The basic principle of armor protection is to consume projectile energy, slow it down and render it harmless. Most conventional engineering materials, such as metals, absorb energy through structural deformation, while ceramic materials absorb energy through a micro-fragmentation process.

The energy absorption process of bulletproof ceramics can be divided into 3 stages.

(1) Initial impact stage: projectile impact on the ceramic surface, so that the warhead blunt, in the ceramic surface crushed to form a fine and hard fragmentation in the process of energy absorption.

(2) Erosion stage: the blunted projectile continues to erode the fragmentation area, forming a continuous layer of ceramic fragments.

(3) Deformation, cracking, and fracture stage: finally, tensile stresses are generated in the ceramic causing it to shatter, followed by the deformation of the backing plate, with all remaining energy absorbed by the deformation of the backing plate material.
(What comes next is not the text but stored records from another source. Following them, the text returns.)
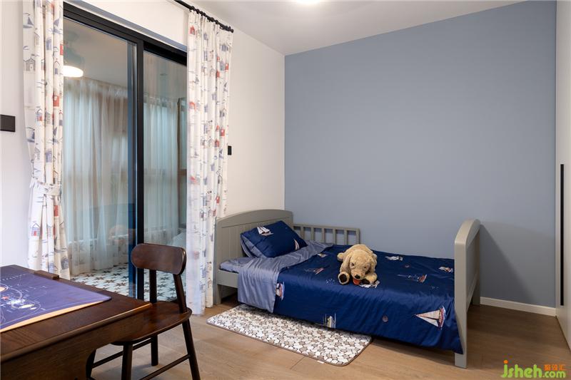 兒童房靠近馬路,為了保持清凈,將原有的陽臺(tái)用玻璃封了窗,亦可防止蚊蟲進(jìn)到房間。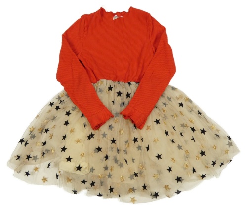Červeno-béžové žebrované šaty s tylovou sukní s hvězdami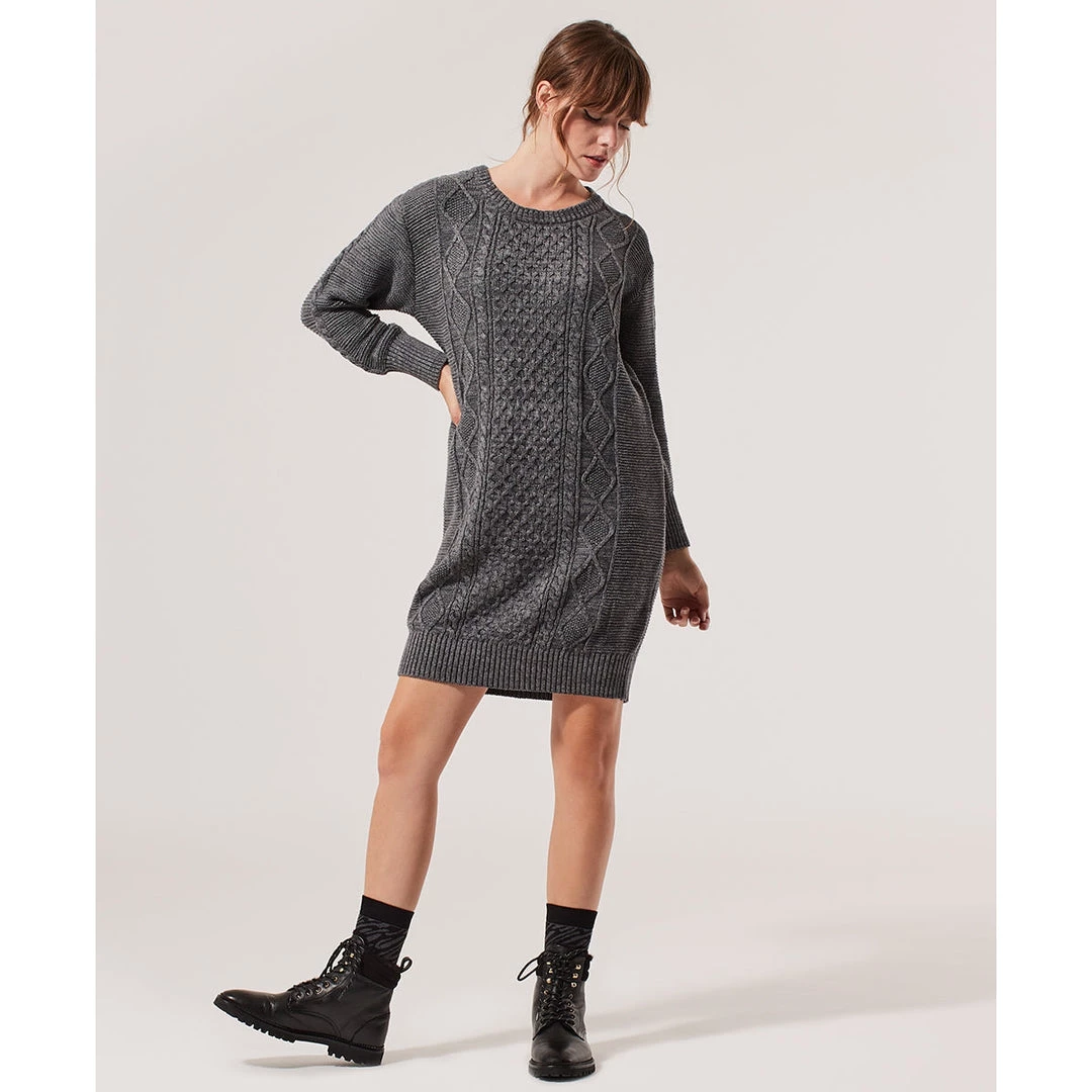 Women’s Charcoal Heather Classic Cable Knit Sweater Dress S. Super soft organic women’s clearance Classic Cable Knit Sweater Dress from Wear PACT. Fair Trade Factory. GOTS Certified Organic Cotton

During the impact of the projectile on the ceramic, both the projectile and the ceramic are damaged.

What are the material performance requirements for bullet-proof ceramics?

Because of the brittle nature of the ceramic itself, it fractures rather than deforms when impacted by a projectile. Under tensile loading, fracture occurs first at non-homogeneous locations such as pores and grain boundaries. Therefore, in order to minimize microscopic stress concentrations, armor ceramics should be of high quality with low porosity and fine grain structure.